The plain English of the whole of it, then, is this, that he— and he is but one of a hundred such —can't keep still any longer on the subject, but cannot bear to come out on the subject without taking sundry exceptions, just to ‘save their shins’ from the kicks we have had to take, as well as to seem to have some justification for their long and guilty silence. Winslow,1 I understand, is coming out also with his famous sermons. Others, I doubt not, will follow suit. In this state of things, it seems to me all-important that every such man who comes out should be reviewed without respect of his person; and where he is naked, let his nakedness be made visible. It is better to keep the rod over them, and make them hold still, than to have them come out mere go-betweenities. Still, while we show them no mercy, let us treat them with due respect, and acknowledge the good they say, and thank them for it, and at the same time make the public see how, by their contradictions, they eat and re-eat their own words. I intend, if Wright2 wishes it, to review Channing in the Quarterly Magazine.

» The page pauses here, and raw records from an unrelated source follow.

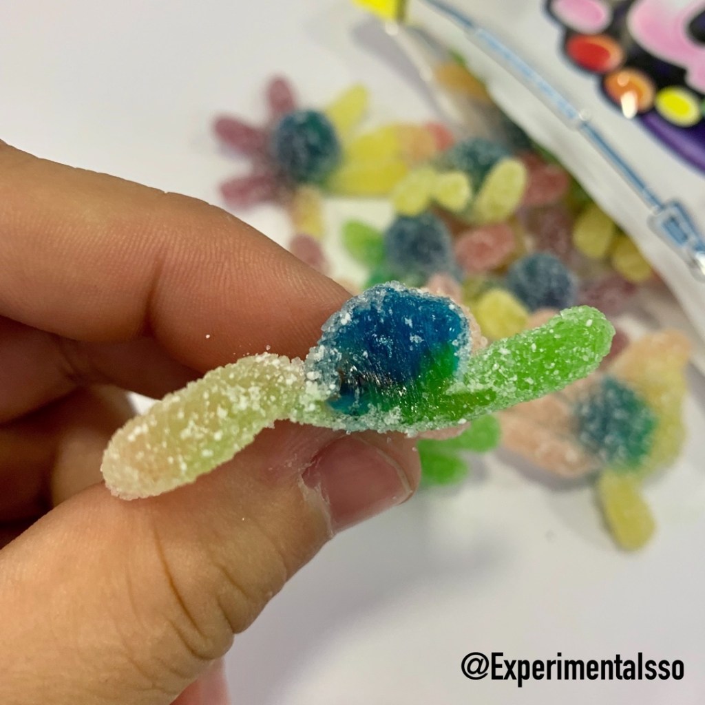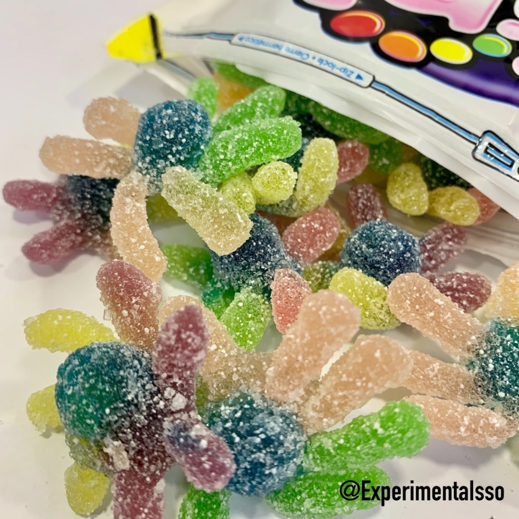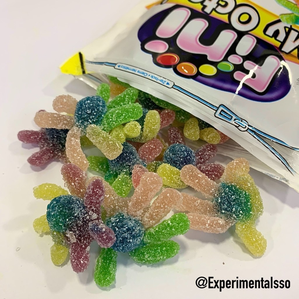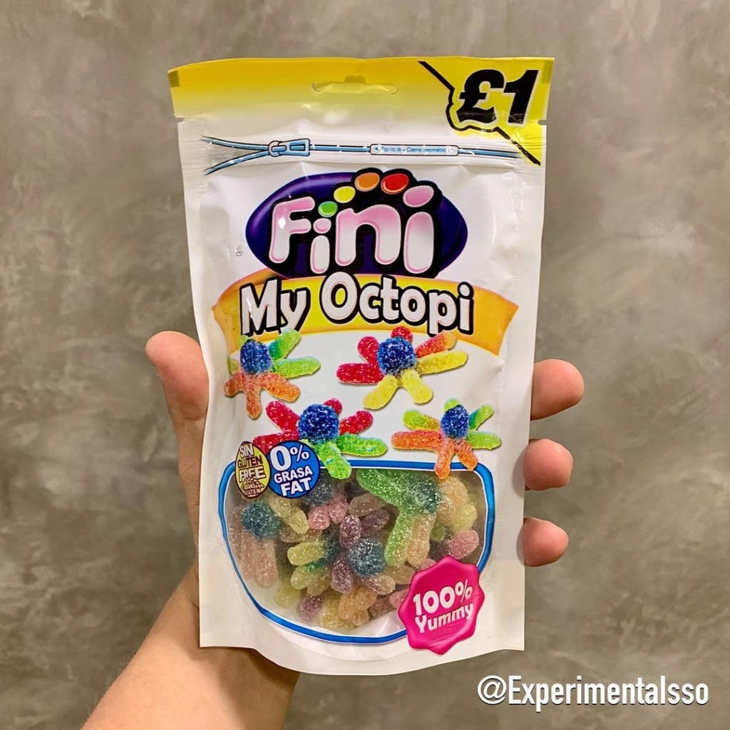 Encontramos esse pacotão de FINI em Londres. A parte mais legal são as balas que tem formato de “polvinhos”! 😄 As balas tem sabores de frutas e uma textura um pouco diferente das balas de gelatina mais tradicionais, como se tivesse um pouco de açúcar cristalizado misturado na bala. Não chega a parecer “bala de goma”, mas lembra um pouco por causa desse açúcar dentro e fora da bala!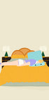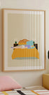 A humorous and minimalistic illustration of a woman lying exhausted on a bed with her head resting on a laptop. This playful artwork captures the modern digital lifestyle and the balance between rest and productivity, making it a fun addition to modern spaces.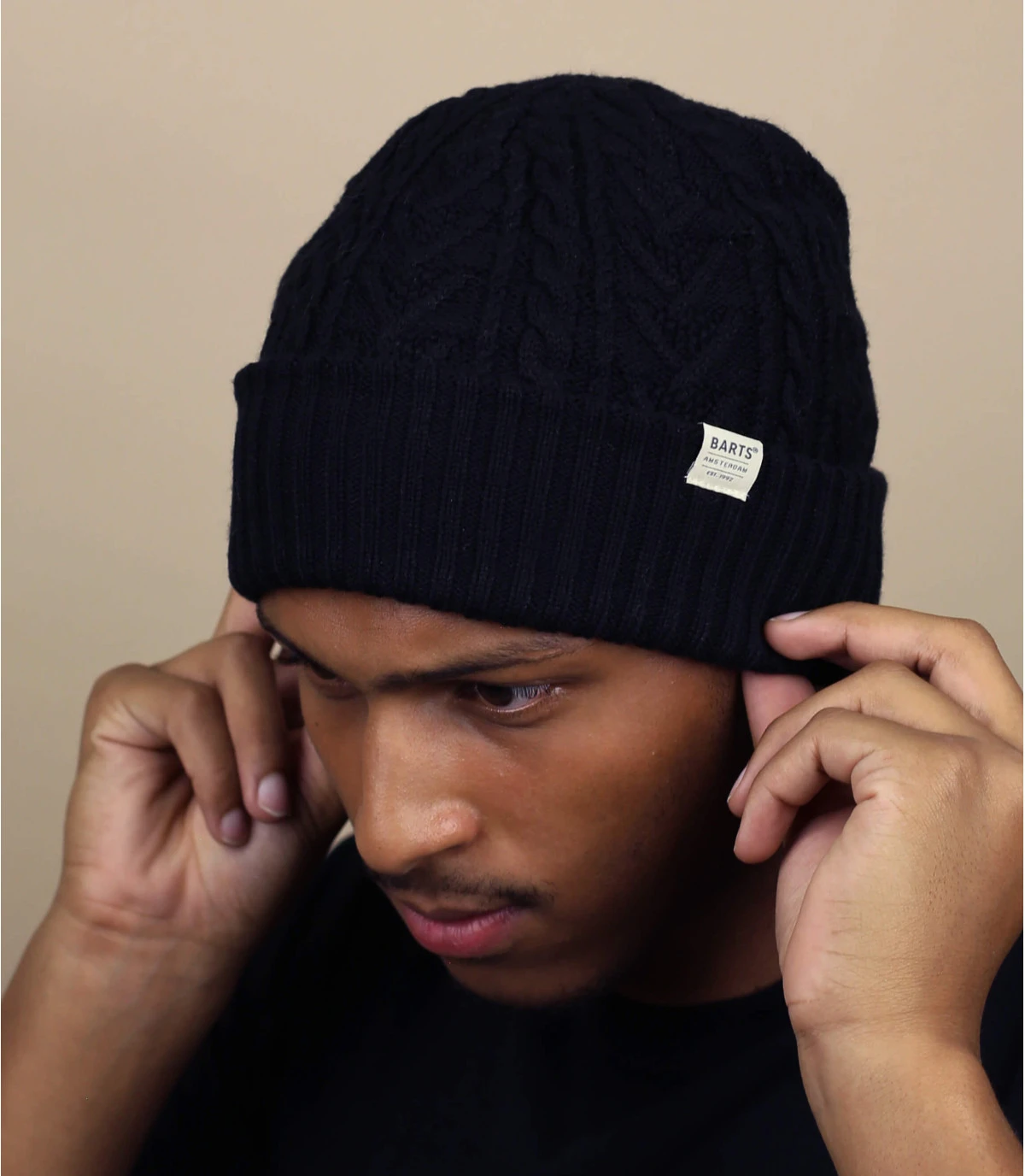 Vous pouvez porter ce bonnet noir chaud et douillet en toute occasion. Il présente un motif de mailles classique. Son revers vous garantit un bon maintien. On retrouve le nom de la marque Barts brodé sur le revers.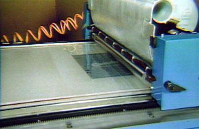 | Setelah paste-up selesai dan terpisah negatif ditembak dasar seni dan Overlay (atau film Keluaran menggunakan untuk pembuatan), negatif yang digunakan untuk membuat karet atau photopolymer flexographic piring. Ada tiga langkah dasar dalam karet platemaking. Pertama ukiran dari negatif dibuat dengan menempatkan negatif atas lembaran logam cahaya-darinya dan menawarkannya kepada intens cahaya dalam bingkai vakum. | ![]() |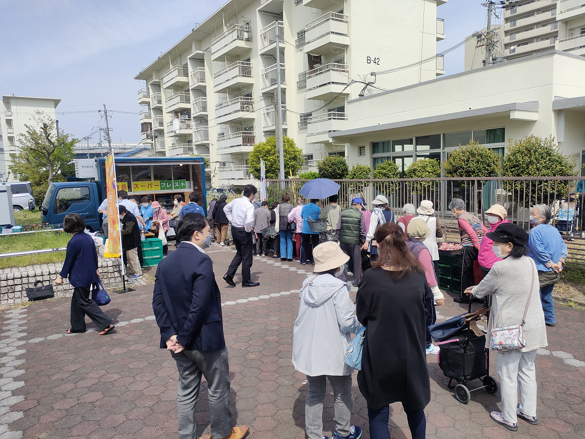 スーパーマーケット「フレスト」を運営する京阪ザ・ストアが市営門真住宅で行う移動販売を軸に、門真市や自治会が連携し、様々な活動を行います。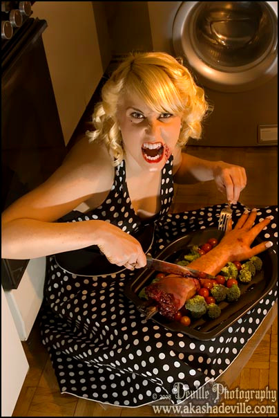 This is a deliciously horrible photo, and a great idea. The attention to detail is brilliant and the look on the model's face is so quality. My favourite bit is the disembodied foot in plastic wrap

W. L. Garrison to Henry E. Benson, at Boston.

Brooklyn, December 15, 1835.
3 The bundle of papers, via Worcester, was safely conveyed and put into my hands on Friday evening, and great was my4 surprise, as well as pleasure, to receive a copy of the Liberator.5 In my article on Mr. Cheever's sentence, you perceive I broached my ultra doctrines respecting reliance upon the civil arm and appeals to the law. Tracy will probably nibble at it,6 and perhaps start anew the cry of ‘French Jacobinism!’ but so be it. I am more and more convinced that the doctrine is inseparably connected with perfect Christian obedience.7


1 Rev. Hubbard Winslow; ante, 1.478.

2 Elizur Wright, Jr.

3 Ms.

4 Dec. 11,

5 Dec. 12, 1835.

6 Ed. Boston Recorder. Ante, 1.472.

7 The Rev. George B. Cheever, of Salem, Mass., had been convicted in June of libel for a temperance allegory entitled Deacon Giles's Distillery, for which he had previously been assaulted publicly (Lib. 5: 27). Mr. Garrison came to his support by reprinting the article in the Liberator (5: 32). For the subsequent stages in this cause celebre see Lib. 5.36, 56, 107, 112. An extract has already been made (ante, 1: 478) from Mr. Garrison's comments on Attorney-General Austin's argument at the June term. The article now in question (Lib. 5.199) was concerned with the same lawyer's argument on the appeal, on Nov. 4, 1835. In the course of it the recent victim of an atrocious mob declared—‘I believe that all those who “name the name of Christ,” and profess to be his followers, and to be willing to follow him through good and through evil report, through flood and fire, as lambs in the midst of wolves, ought never to trust in an arm of flesh for protection, but should wholly “cease from man” —ought never to prosecute, or imprison, or put to death, for any injury done to them by their enemies.’